ACTIVITY: Check each line below for the word "ピビンバ", and copy those that have it.

AVAILABLE DATA:
:::::

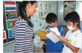
英語活動 楽しいコミュニケーションの 素地づくり
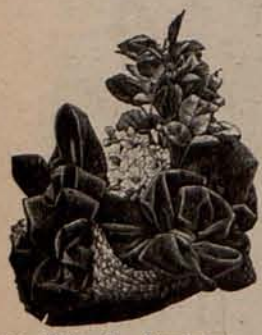
Núm. 3.—Sombrero para paseo.
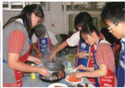
以三文魚為主菜，學生齊來作天才小廚師
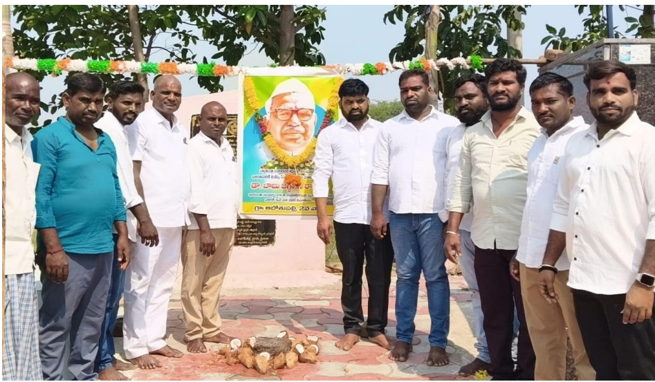
తూప్రాన్, ఏప్రిల్ 5 (నేషనలిస్ట్ వాయిస్ ప్రతినిధి):
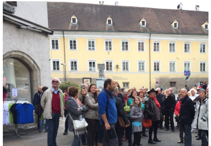
Stadtspaziergang, Hall; Foto: aut
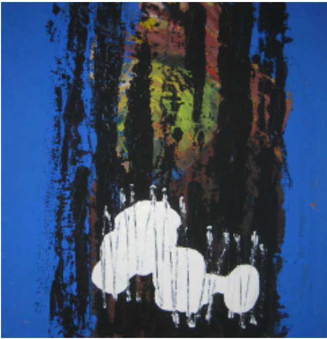
Nils Ekberg måleri
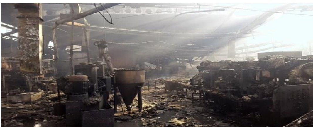
Slika 10: Unutrašnjost tvornice nakon požara
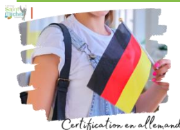
Certification en allemand

L'épreuve de certification en allemand du Goethe Institut pour les élèves de 3° aura lieu au collège Saint Michel le mercredi 13 mars 2024 de 08h30 à 12h00 pour les épreuves écrites et le jeudi 22 février 2024 pour l'épreuve orale de 15 mn.
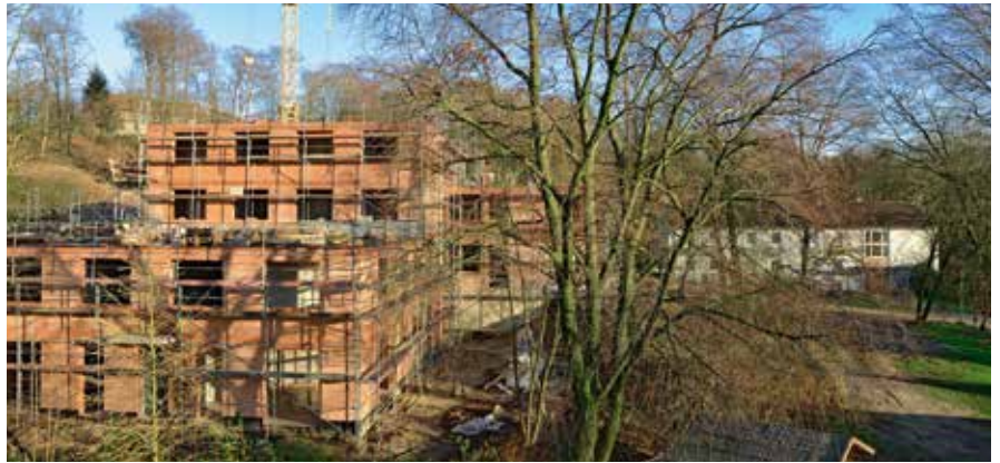
Reha-Neubau: Direkt neben der bisherigen Klinik.

Nach umfangreichen und aussagekräftigen Tests geht es in der medizinisch-beruflichen Rehabilitation auch darum, praktisch zu trainieren. Wichtig ist ein Bewerbungstraining mit dem Wissen, an Epilepsie erkrankt zu sein. „Bei uns wird auch – wenn erforderlich – ganz konkret gearbeitet. Unter realen Arbeitsbedingungen in den Betrieben Bethels oder in anderen Bielefelder Unternehmen führen wir Belastungserprobungen durch“, erklärt Specht, der mit seinem Team in der ein- bis dreiwöchigen Phase in Unternehmen mit den Rehabilitanden erkennt, wie leistungsfähig und belastbar sie sind. Je nach Vorbildung und Interesse wird beispielsweise im Büro gearbeitet, im Vertrieb oder in der Produktion. „Die Auswahl der Berufe ist ein wichtiger Punkt. Ein Dachdecker mit
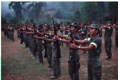
1991/12/01: Karen National Liberation Army (KNLA) soldiers on early morning parade in their Mar Ner Plaw stronghold
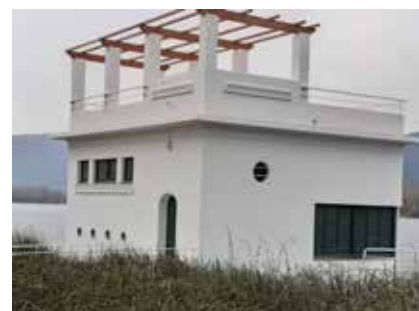
>> La pesquera de Banyoles, on s'han fet obres.

gués, fer un port per a creuers. Et penses que seria l'únic estany de creuers del món? Podríem recuperar i ampliar el Barbiland amb una muntanya russa que envoltés l'església de Porqueres i se submergís a l'estanyol de la Cendra; podríem recuperar l'estanyol del Vilar com a abocador d'aigües brutes, podríem transformar tot Banyoles en una vila neolítica i viure-hi com si fóssim neolítics. No, aquesta última idea, no: és massa real... M'agrada tant que m'incitin a ser creatiu sense límits racionals! Els ho podries dir, tu que hi coneixes gent, allà dins?» Mai el meu nebot havia desbarrat com avui.
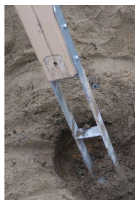
Zdjęcie nr 17
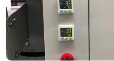
獨立高精度負壓控制系統，確保噴頭高質量噴射。
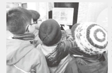
館内探勝路ではタッチパネルのクイズに挑戦

6月に入る と、イソツツジの開花情報を求める問い合わせが多くあります。イソツツジは高山や湿原、海岸などに生育する植物です。でも、硫黄山麓に広がるつつじヶ原は標高1700ほど。しかも火山灰地です。このような状況の1000秒にも及ぶ広大なお花畑は、自生地として日本一の規模を誇ります。
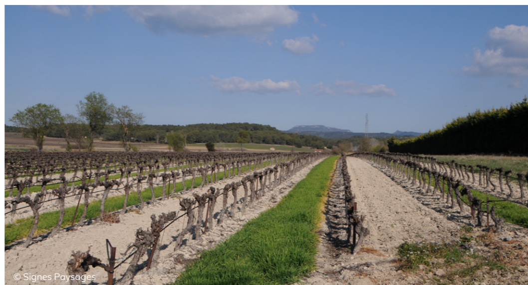
Les effets du changement climatique : goutte à goutte pour une culture qui se contentait de l'eau de pluie.
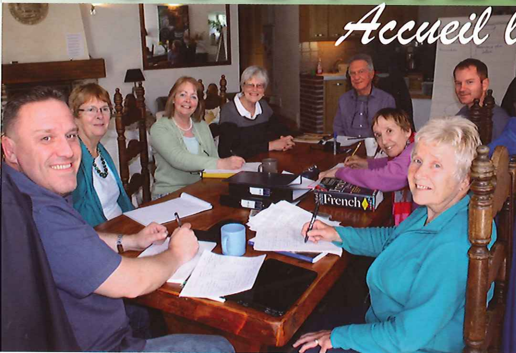
Les Anglais au moulin de Gastines en mai dernier : séance de travail avec les animateurs.
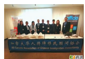
加拿大华人持牌移民顾问协会首届年会成功举行
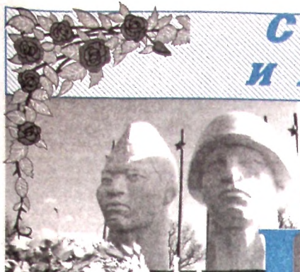
Газета распространяется в Нефтекумском и Лёвокумском районах

«Нефтекумская городская центрально-муниципальная библиотечная система» муниципалитетного образования «Городской библиотеки»
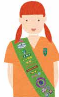
Juniors Grades 4-5
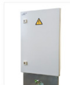
Styrautomatik för utomhusbruk
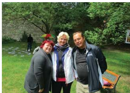
Dobrovolníci na přípravě Pouti
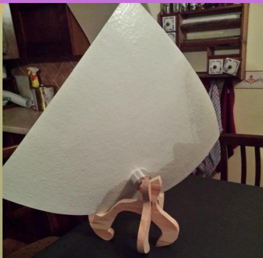
Aragn: due parti in legno massello che si accoppiano a formare un supporto da tavolo
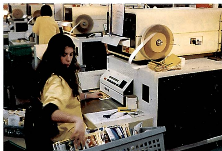
Jeweils 250 Filme werden zu grossen Rollen aneinandergespleist, bevor sie zur Entwicklung und in die Bildproduktion gelangen.
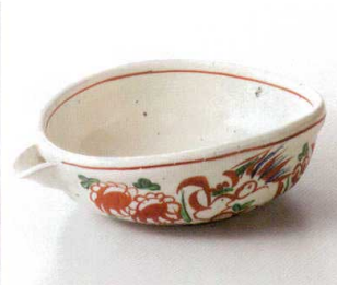
カ248-04 粉引花鳥片口鉢 23×18.5×7cm 9,000円
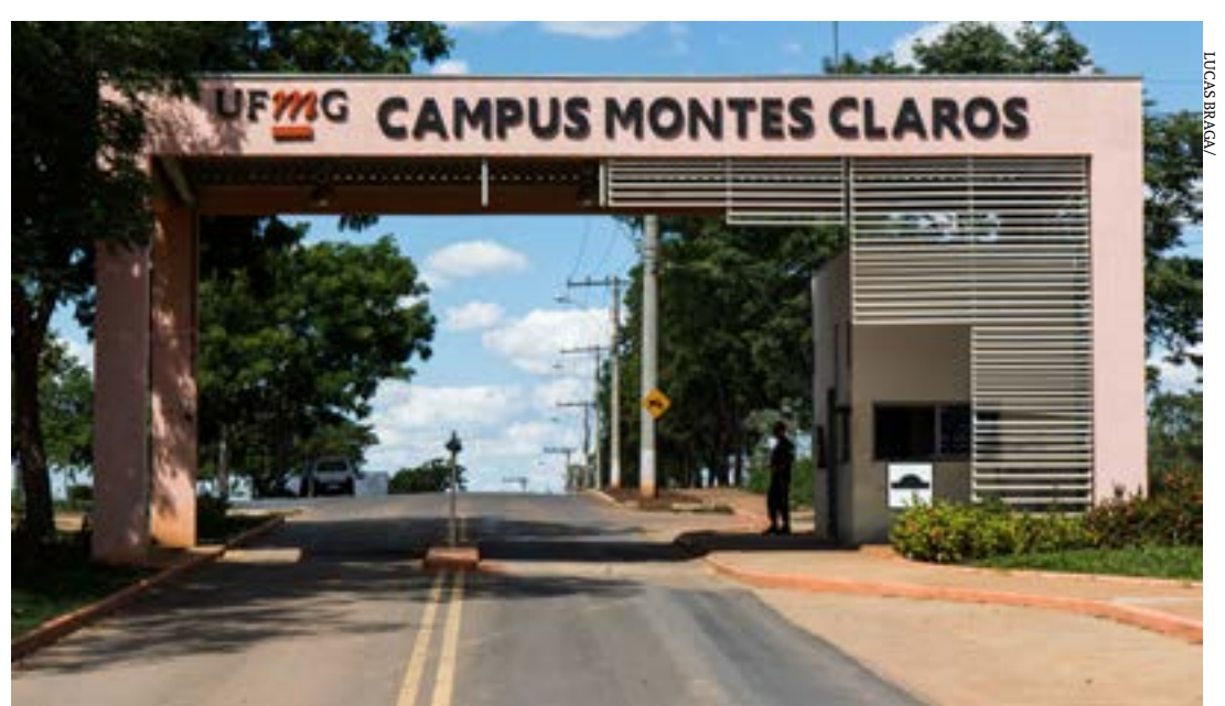
Inscrições em oficinas devem ser realizadas até o dia 24 de agosto

Com carga horária de 15 horas, as atividades não têm relação direta com a grade curricular, mas podem ser aproveitadas como crédito de atividades acadêmico-científico-culturais (AACC), dependendo das normas de cada colegiado. (ANA CLÁUDIA MENDES) Colaboradora
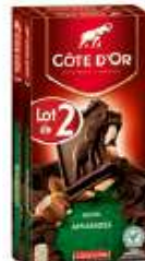
Côte d'Or Bloc Noir Amandes 2x200g
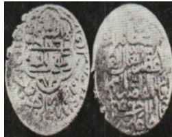
تصویر ۲: سکه حسن‌علی قراقویونلو، نام ائمه اطهار اثنی عشر علیهم‌السلام روی سکه (نک. تراپی طباطبایی، «سکه‌های آق‌قویونلو»، ۱۸).
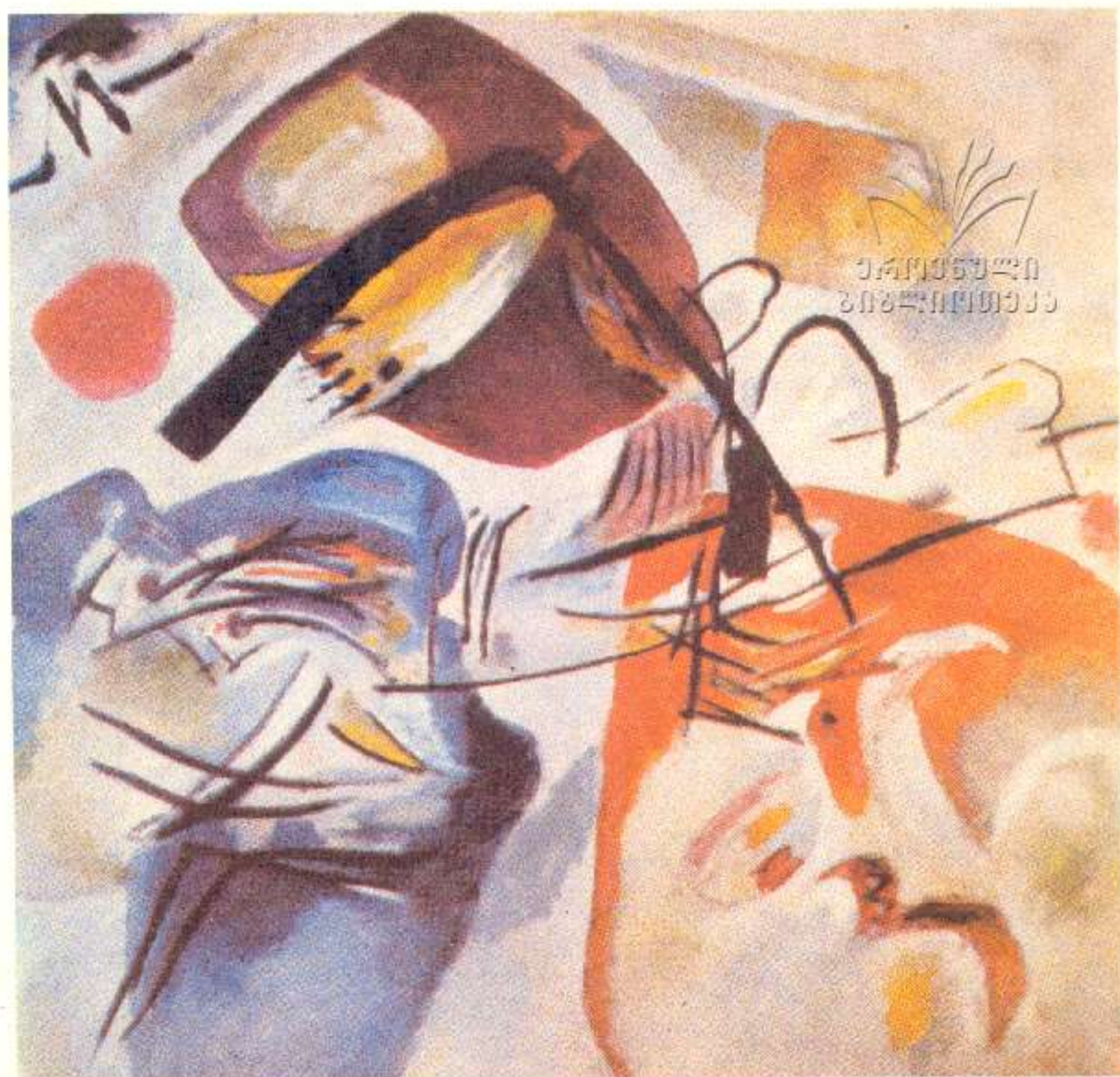
ვასილი კანდინსკი. შავი კამარით.
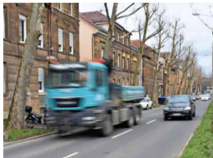
Für die Anwohner der viel befahrenen Südstraße wird es nach dem Aufbringen des lärmarmen Asphalts deutlich leiser.
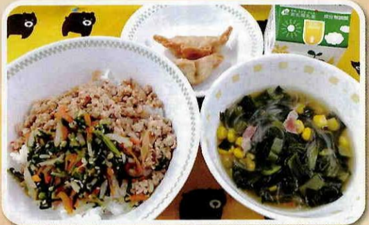
◎給食メニュー：ピビンバ、小松菜スープ、揚げぎょうざ、牛乳

人気の給食メニュー ラーメン・揚げパン・ピビンバ 変えていく調理員さんたちを「どんぐりレンジャー」と紹介し、子どもたちも興味を持って学んでいけるよう工夫。「あつ今青レンジャーさんがおいもを切っている!!」
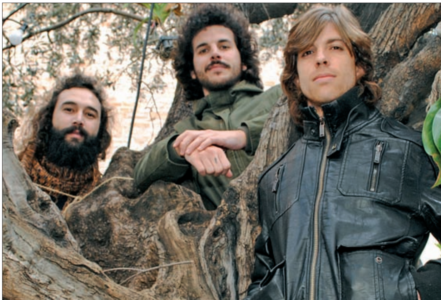
La banda madrileña se sincera en su tercer trabajo, 'Varcelona', más personal y cercano
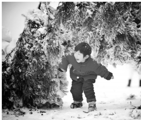
孩子们在大山的冰雪世界里嬉戏。
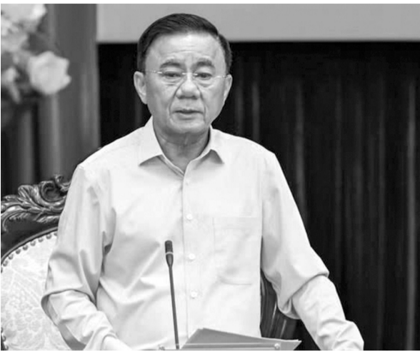
● Thường trực Ban Bí thư Trần Cẩm Tú chủ trì làm việc với Ban Thường vụ Đảng ủy Tập đoàn Công nghiệp - Viễn thông Quân đội.

Ngày 6/5, tại Hà Nội, Đoàn kiểm tra, giám sát số 12 của Bộ Chính trị do đồng chí Trần Cẩm Tú, Ủy viên Bộ Chính trị, Thường trực Ban Bí thư làm Trưởng đoàn đã làm việc với Ban Thường vụ Đảng ủy Tập đoàn Công nghiệp - Viễn thông Quân đội (Viettel).
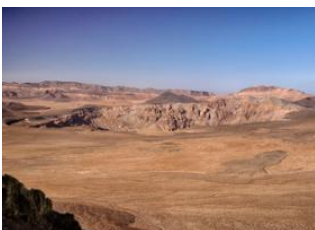
Kaza Maza 📍 - ⌚ 6h

:::::

WRITTEN RESPONSE:
◎給食メニュー：ピビンバ、小松菜スープ、揚げぎょうざ、牛乳
人気の給食メニュー ラーメン・揚げパン・ピビンバ 変えていく調理員さんたちを「どんぐりレンジャー」と紹介し、子どもたちも興味を持って学んでいけるよう工夫。「あつ今青レンジャーさんがおいもを切っている!!」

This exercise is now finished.